Coyote was speaking: ‘Coyote and the flower-world. There’s no difference between us now. I’m a dog. I’m a plant. I’m a human. Not so much dog. Not so much human. But there’s plenty of the plant on board. Can’t you feel me growing?’
‘I feel it,’ Belinda answered.
‘Good rutting, babe.’
Coyote drove us to a bleak outcrop, beyond a pub and a farm, where a lonely telephone line fed its
way into the earth. The whispering corpse of an oak tree. Zombies could be heard, dribbling through the morning weeds. We could hear those creatures hissing and croaking. There was a smear of dawn above the tree-line. Coyote got out of the cab, opened the door for us. Let us loose. An oiled-up Half-aliver came shambling over the dead ground towards us, talons gleaming. Coyote put his paw into that alien claw, he shook it tight. The Zombie smiled at him and then fell, flopping-like, into the soil. And the earth all around us was littered with twenty or more of these soft and bulbous creatures. Zombies. They moved and breathed very slowly, their feelers weaving elaborate patterns, like language.
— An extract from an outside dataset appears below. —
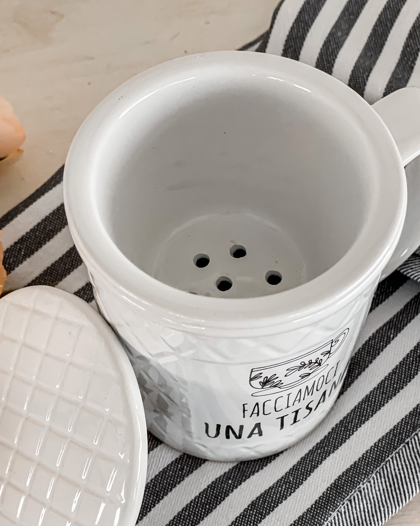 La Tazza per gli amanti delle tisane. Puoi scegliere tra due scritte simpatiche. Dotata di coperchio per tenere calda la bevanda e di filtro in ceramica per gli infusi.

And then Coyote came up close, his big brown eyes staring deep into ours. ‘I’ve brought you here for a reason, Belinda,’ he whispered. ‘That’s all to do with love, sure. But something else…somebody else is making me choose this place.’ His spotted fur was a constantly changing array of leaves and flowers. He sure was beautiful just then. ‘This is where I first picked up Persephone.’ Coyote held his hand out in front of Belinda’s face. I could only gaze through my daughter’s eyes as Coyote turned his fingers into stems, into stalks. A yellow rose sprang from each of his fingertips. He cracked each bloom off with his other hand and then pressed the bouquet into Belinda’s hand. Then he spread his roots all around and under this parched earth, until a bed of soft grasses and flowers blossomed there. A private garden amidst the Limbo. Coyote smiled and then asked, ‘You want some love now, girl?’